Dataset records Block Start

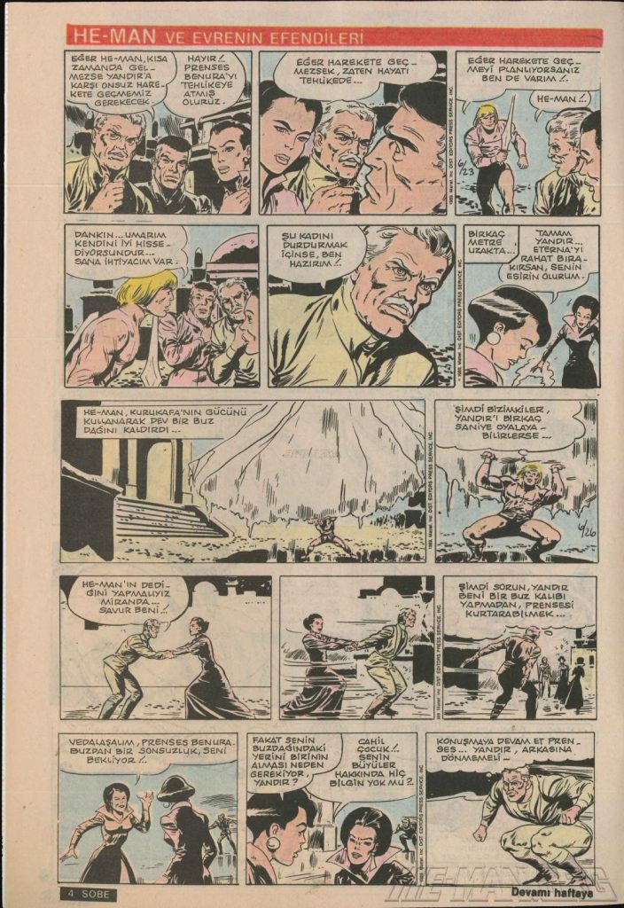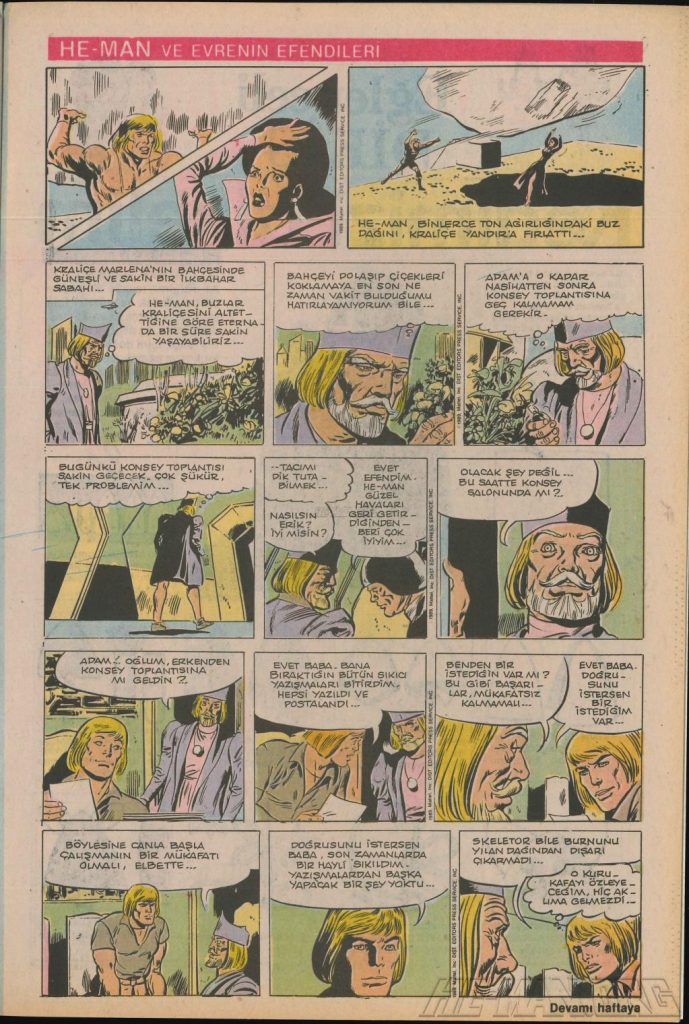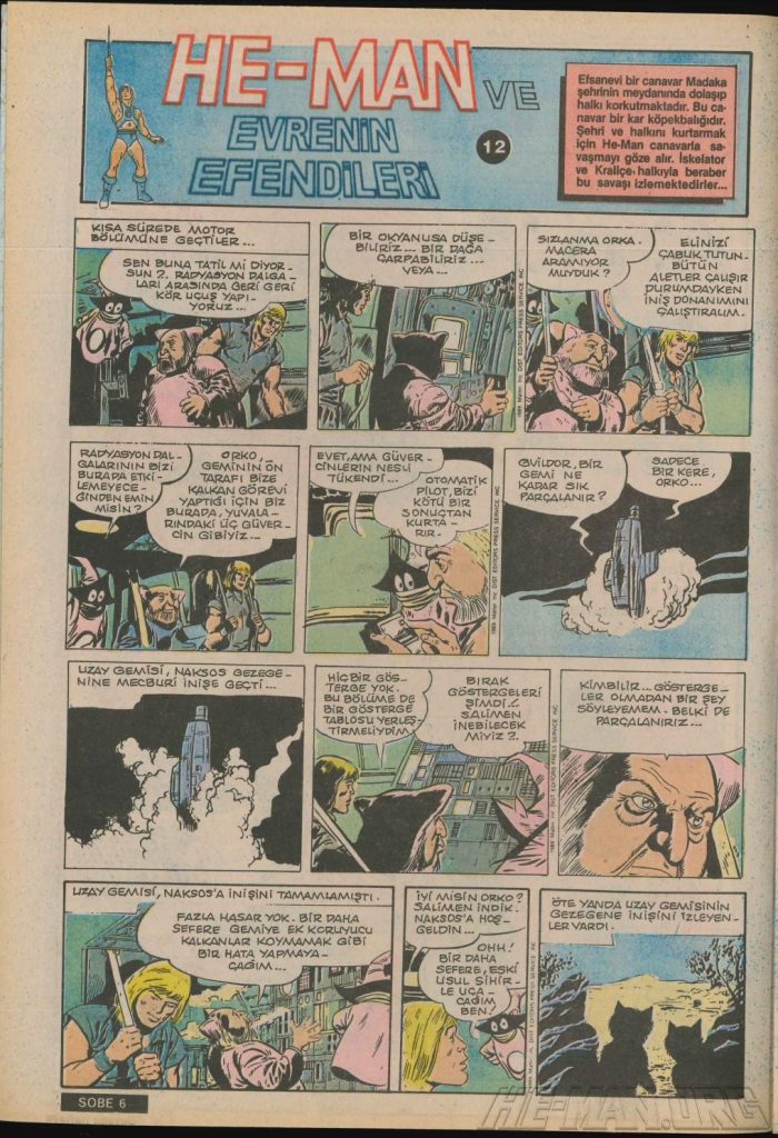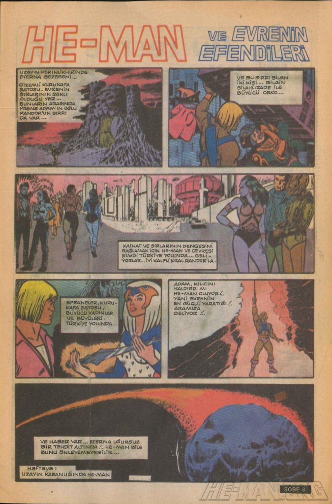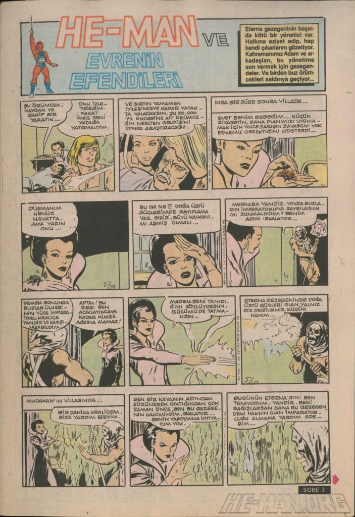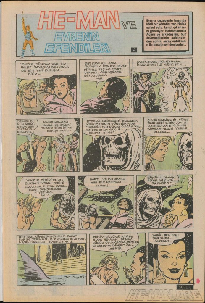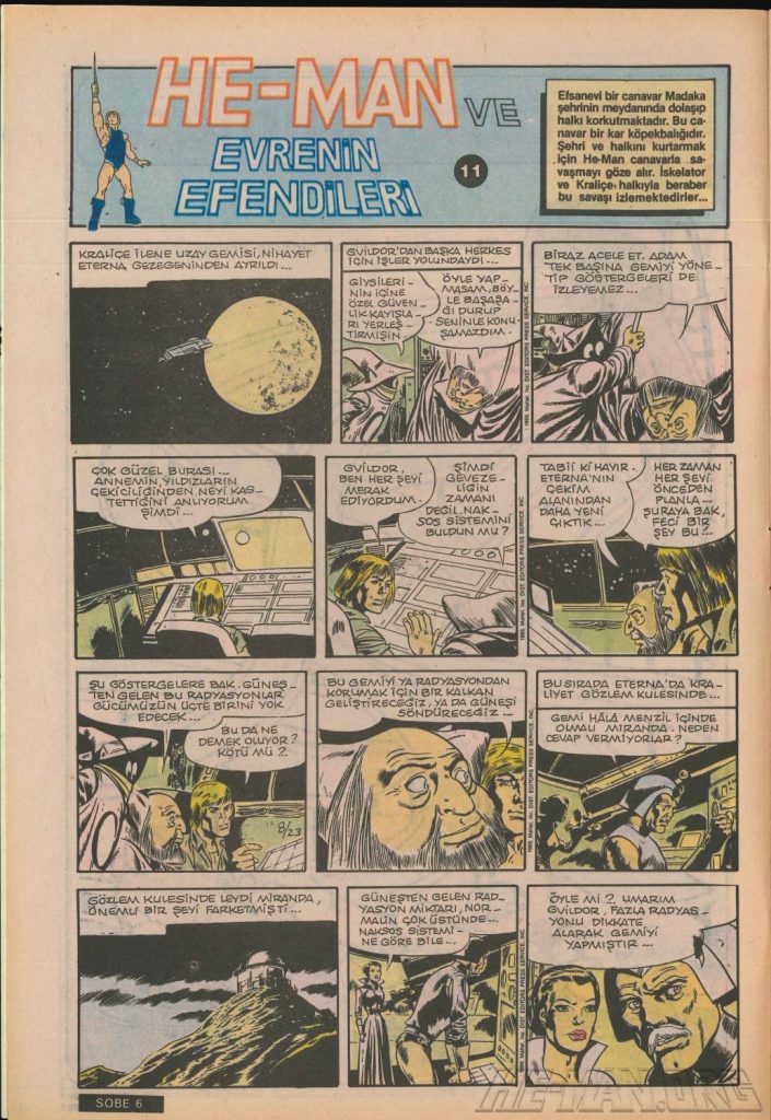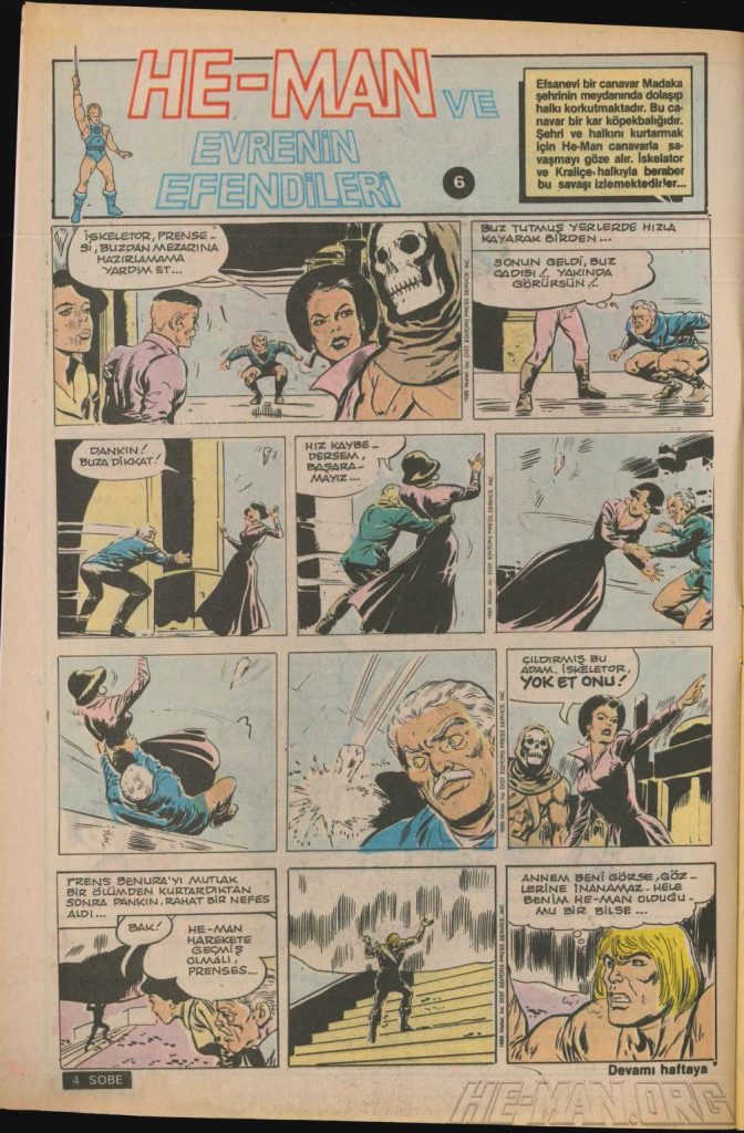 Here is the complete collection of the Turkish Sobe Gunaydin series. Each magazine featured a short MOTU comic in Turkish. We’ve included only the pages relevant to Masters of the Universe. These were translated from the original US newspaper comics illustrated by Gerald Forton. There were only 18 issues and only the first 17 issues have a He-Man comics page. Most issues have 2 pages dedicated to Motu but a few only had one page. Other stories in this series included Conan the Barbarian, Tom and Jerry, CIme CIme (a pirate comic), and occasionally a few short panels of other various subjects. Scanned by Ben Massa.
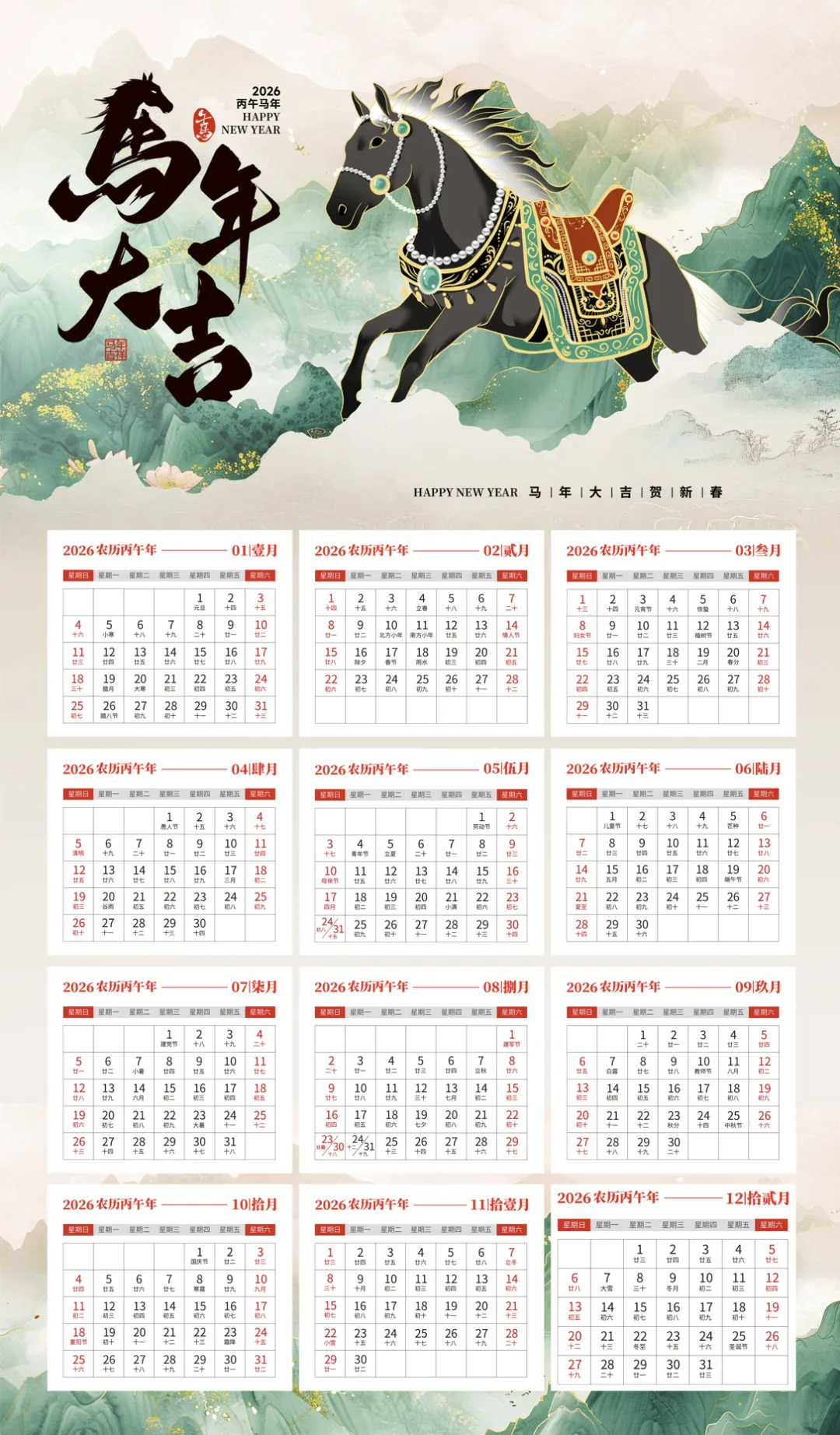 马年手机壁纸50套(文末下载电子版)马年日历/月历/年历电子版(文末下载电子版)
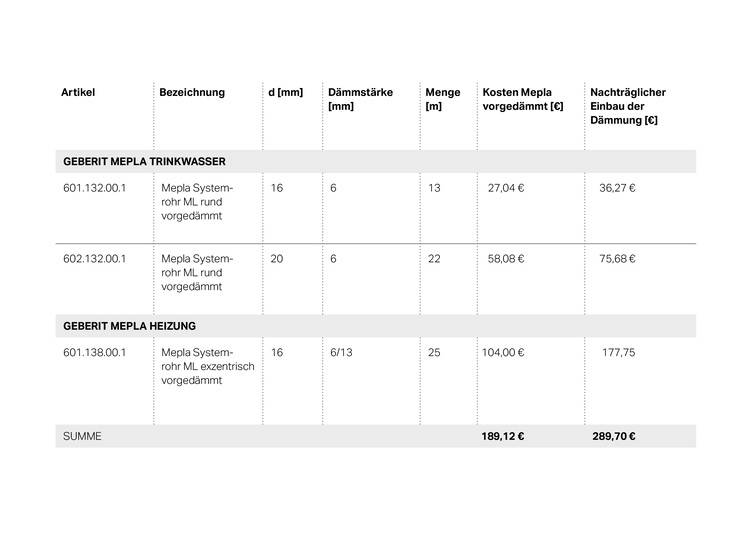 Die geringfügig höheren Materialkosten für die vorgedämmte Systemrohrvariante rechnen sich beim Einsatz schnell: Bei einer typischen Wohneinheit mit Waschtisch, Dusche, WC und Küchenzeile spart der Installateur mit dem Geberit Mepla Systemrohr vorgedämmt im Vergleich zum ungedämmten Rohr und nachträglicher Dämmung einen zusätzlichen Arbeitsschritt oder umgerechnet bis zu 100 Euro (siehe Tabelle 1).
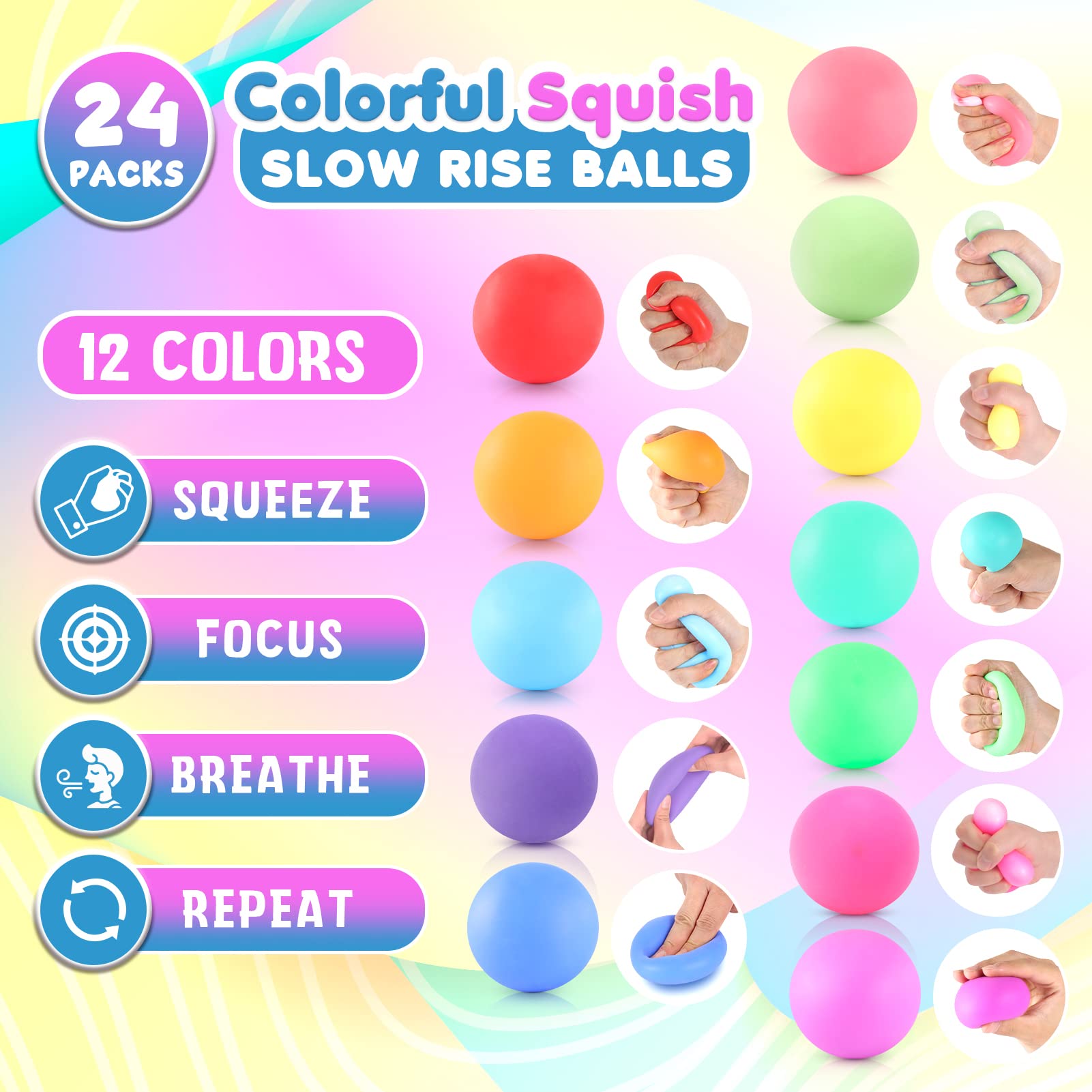 - 【GREAT VALUE LARGE QUANTITY SET】More quantity, more affordability, more softness, more surprises! A large box of soft assorted colors of 24 slow bounce balls. Perfect squishy fidget toys can be used in various situations in daily life such as room, school, office, and the car also can be used as a wonderful party favor, Christmas stocking stuffers, Easter basket fillers and birthday gifts
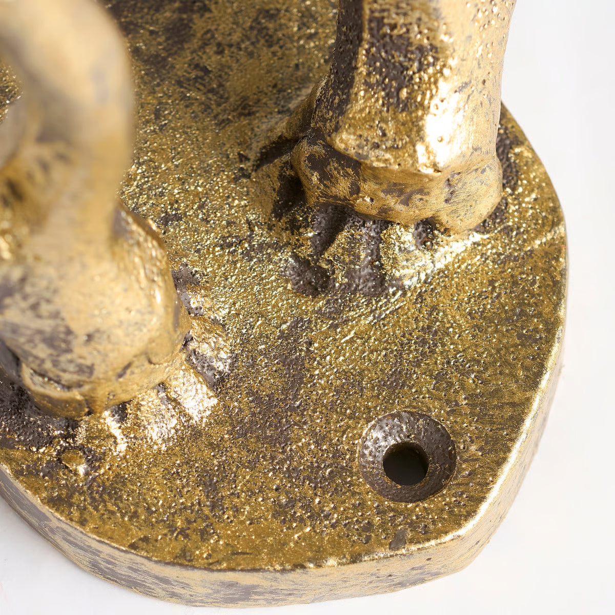 A decorative hook board from our featuring a vintage metal plate attached to sculpted antlers hanging accessories on a wall that coordinates well with cabin decor. Antlers design features metallic gold finish with antique detailing. Our Antlers hook board is easy to hang against wall via predrilled holes. A vintage cabin-themed home accent perfect for seasonal display.
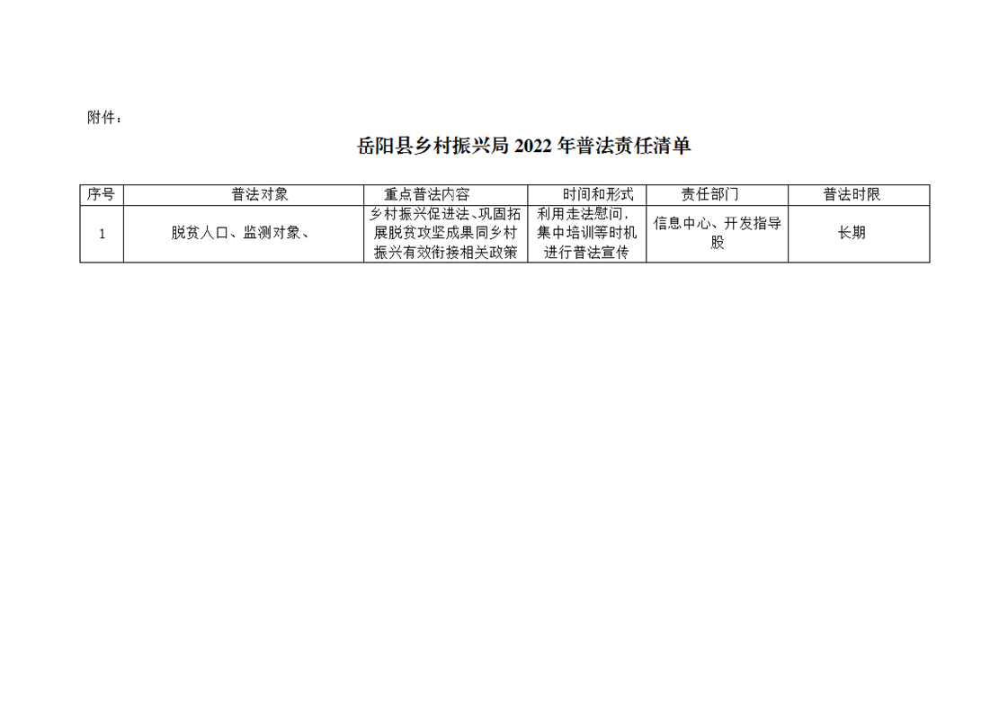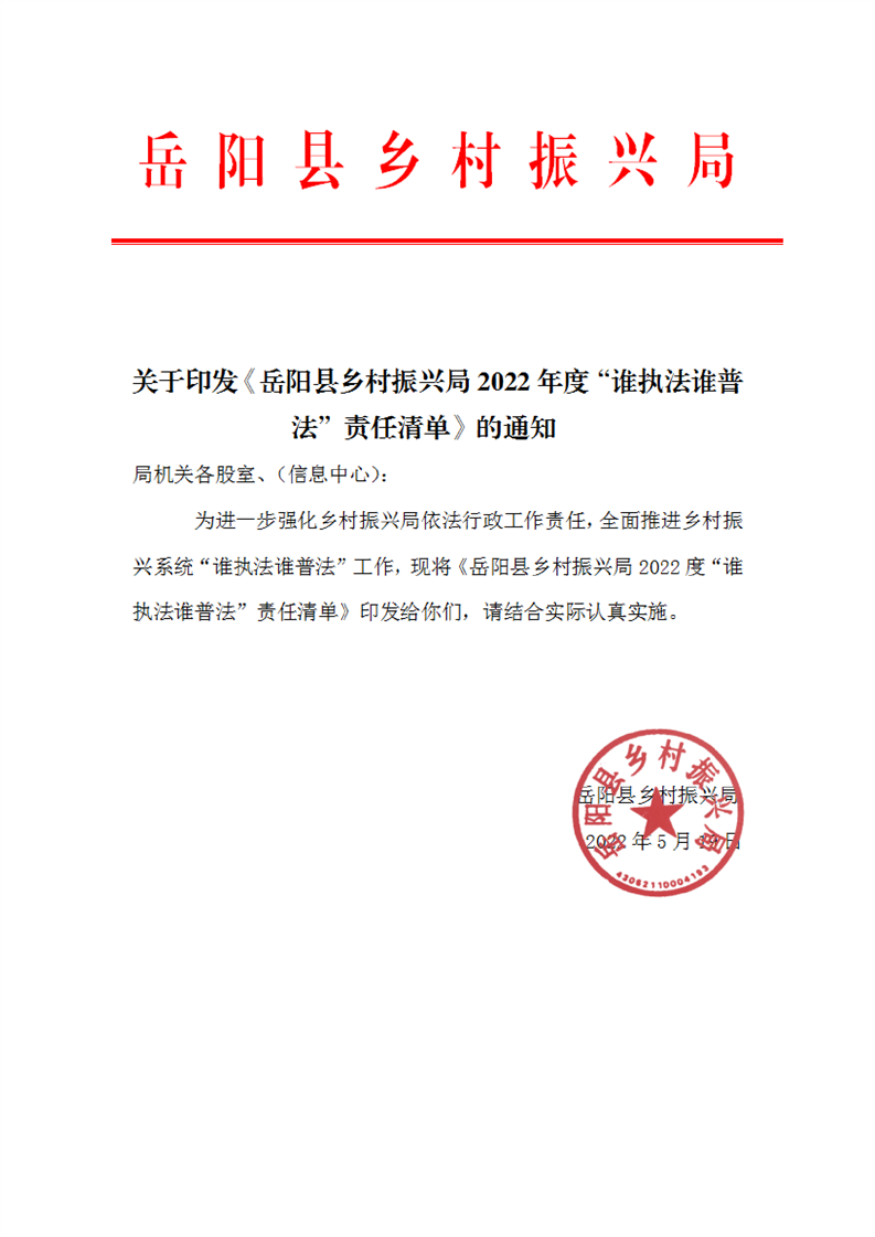 嶽陽縣鄉村振興局2022年度“誰執法誰普法”責任清單

Dataset records Block End

**Your assignment:** Set down word for word the lines from the first entry through the line with "- 【GREAT VALUE", both included, omitting pictures.

**Finished task:**
 Here is the complete collection of the Turkish Sobe Gunaydin series. Each magazine featured a short MOTU comic in Turkish. We’ve included only the pages relevant to Masters of the Universe. These were translated from the original US newspaper comics illustrated by Gerald Forton. There were only 18 issues and only the first 17 issues have a He-Man comics page. Most issues have 2 pages dedicated to Motu but a few only had one page. Other stories in this series included Conan the Barbarian, Tom and Jerry, CIme CIme (a pirate comic), and occasionally a few short panels of other various subjects. Scanned by Ben Massa.
 马年手机壁纸50套(文末下载电子版)马年日历/月历/年历电子版(文末下载电子版)
 Die geringfügig höheren Materialkosten für die vorgedämmte Systemrohrvariante rechnen sich beim Einsatz schnell: Bei einer typischen Wohneinheit mit Waschtisch, Dusche, WC und Küchenzeile spart der Installateur mit dem Geberit Mepla Systemrohr vorgedämmt im Vergleich zum ungedämmten Rohr und nachträglicher Dämmung einen zusätzlichen Arbeitsschritt oder umgerechnet bis zu 100 Euro (siehe Tabelle 1).
 - 【GREAT VALUE LARGE QUANTITY SET】More quantity, more affordability, more softness, more surprises! A large box of soft assorted colors of 24 slow bounce balls. Perfect squishy fidget toys can be used in various situations in daily life such as room, school, office, and the car also can be used as a wonderful party favor, Christmas stocking stuffers, Easter basket fillers and birthday gifts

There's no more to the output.